Historical data shows that bitcoin’s price has risen after each halving event, although not immediately. For example, following the 2012 halving, bitcoin’s price rose from around $12 to over $1,000 within a year. Similar patterns were observed after the 2016 and 2020 halvings, with significant price increases occurring months after the events.
The next halving in 2024 will further reduce the block reward from 6.25 BTC to 3.125 BTC, potentially increasing bitcoin’s price as the supply of new bitcoin slows down. This pattern suggests a strong correlation between the halving events and the long-term price appreciation of bitcoin.
Institutional adoption is another crucial factor. The potential approval of spot bitcoin ETF in the US, as demonstrated by BlackRock’s application in 2023, is expected to provide substantial institutional backing.
The introduction of the Hong Kong spot bitcoin ETF is particularly bullish. Unlike the US’s approach, which offers “cash creates” models, the Hong Kong ETF incorporates both “in-kind” and “cash creates” options. This dual approach broadens the range of investment choices, allowing for more flexibility and potentially attracting more institutional investors. This support is crucial for the supercycle, as it will lead to a surge in bitcoin investments from major financial players, further driving up its value.
Photo by Jaap Arriens
New Financial Accounting Standards Board accounting rules for digital assets are set to significantly influence corporate finance. These rules simplify the accounting process for bitcoin and other digital assets, making them more attractive to corporate treasuries.

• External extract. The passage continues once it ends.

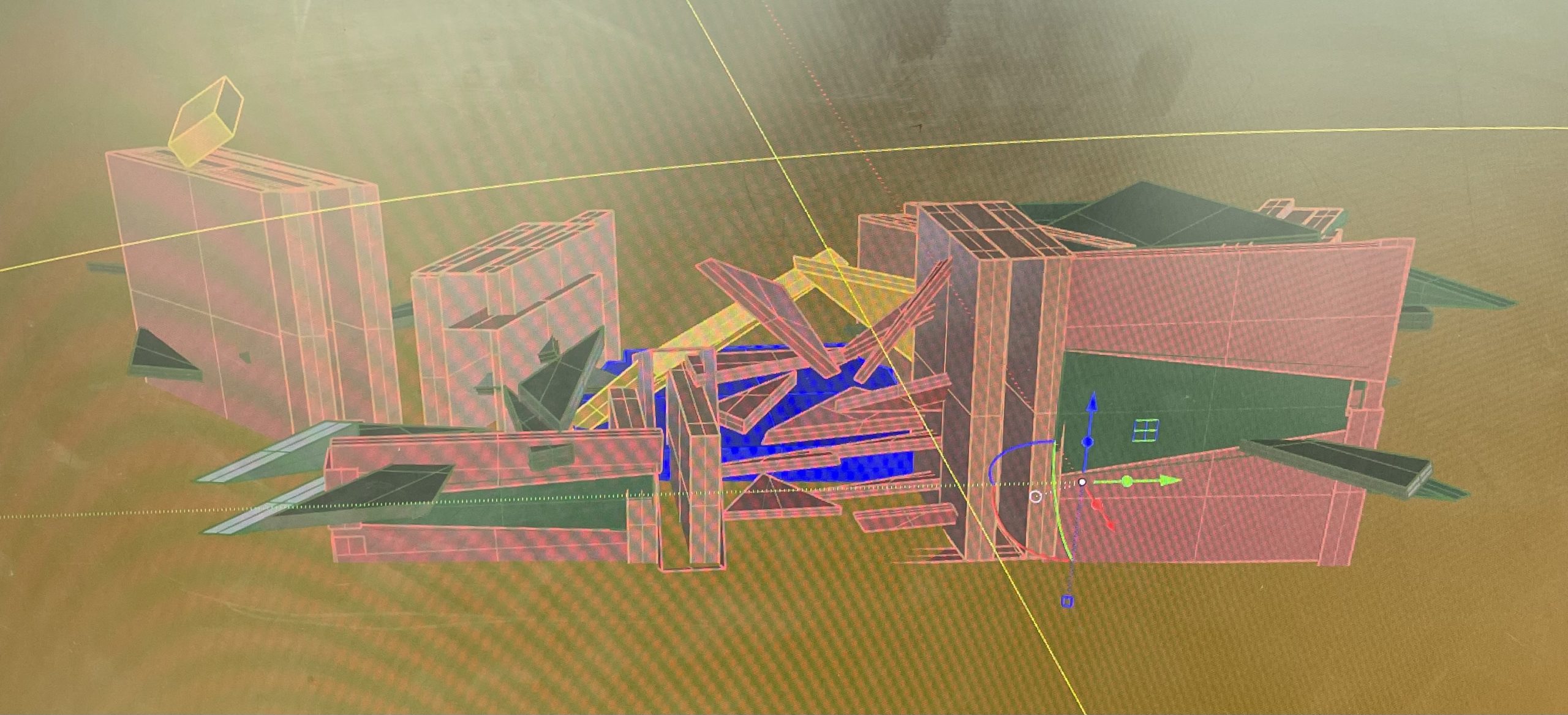 I distorted and twisted the images of my living room window to create it. For my physical model I printed out my Photoshop collage to cut out the geometric shapes on chipboard and then played around with their placement and placing some at an angle. Once I got to the digital modeling phase, I found that I wasn’t really happy with the way my physical model came out, and so I took the liberty of making some changes. For each of our models we were assigned with a biome and with this information we were asked to add some features that would resemble a structure in this biome. I was assigned a desert biome and the features I added were pillars, since that was what I associated a desert biome with. When I was finally happy with the model, I added some textures and material to it so that it could look like a space that someone could actually be in.
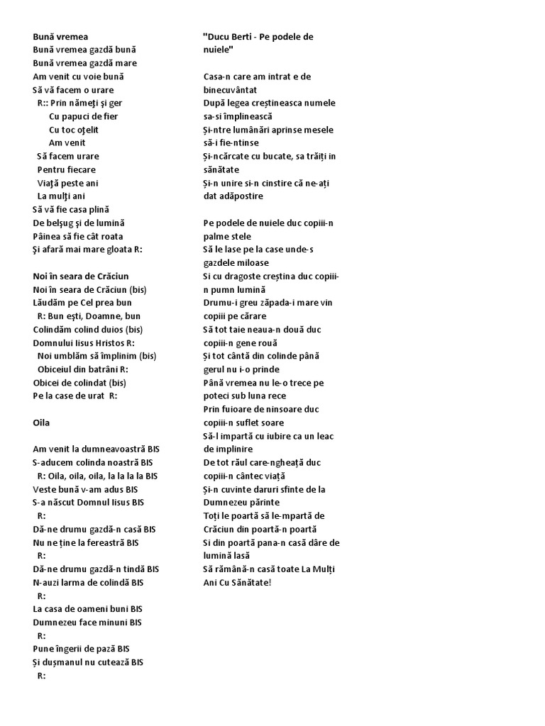 Mai E Vreme De Colinde. De obicei, turnurile au mai multe etaje podite cu scânduri de lemn, iar la ultimul etaj se găseşte un paraclis, tocmai pentru a servi ca spaţiu liturgic pentru obşte chiar şi în vremea vreunui asediu. Ci ședeți la privegheală, (r). Sus boieri, nu mai dormiți. De dragul mariei isi piaptana pletele; Caci gheata se intinde asemeni oglindelor.

The current global economic environment, particularly in the United States, also plays a role. The downgrades in the US credit rating and questions about the stability of the US dollar could drive bitcoin as a safe haven, especially if hyperinflation becomes a concern. This trend is also supported by the ongoing de-dollarization and potential loss of confidence in fiat currencies globally.
Several analysts have made bullish predictions for bitcoin’s price in the next bull market. Renowned bitcoin analyst PlanB predicts a potential all-time high of $524,000 for bitcoin in the next four years.
Analysts at Blockware Solutions suggest that the 2024 bitcoin halving could propel the price to a staggering $400,000.
Global investment fund VanEck has made predictions for 2024, suggesting that bitcoin could reach new all-time highs by Q4 2024.
This prediction is driven by factors such as the US election, the supply shock caused by the halving, and regulatory shifts that could make the crypto commodity as easy to own and account for as regular stock.
A blend of these elements set the stage for a potential global economic boom in the world of bitcoin. Despite the cryptocurrency market’s well-known fluctuations, current indicators and expert analyses paint an optimistic picture for bitcoin’s future, hinting at the potential for record-breaking valuations. Many factors are aligning for a supercharged bull run in 2024.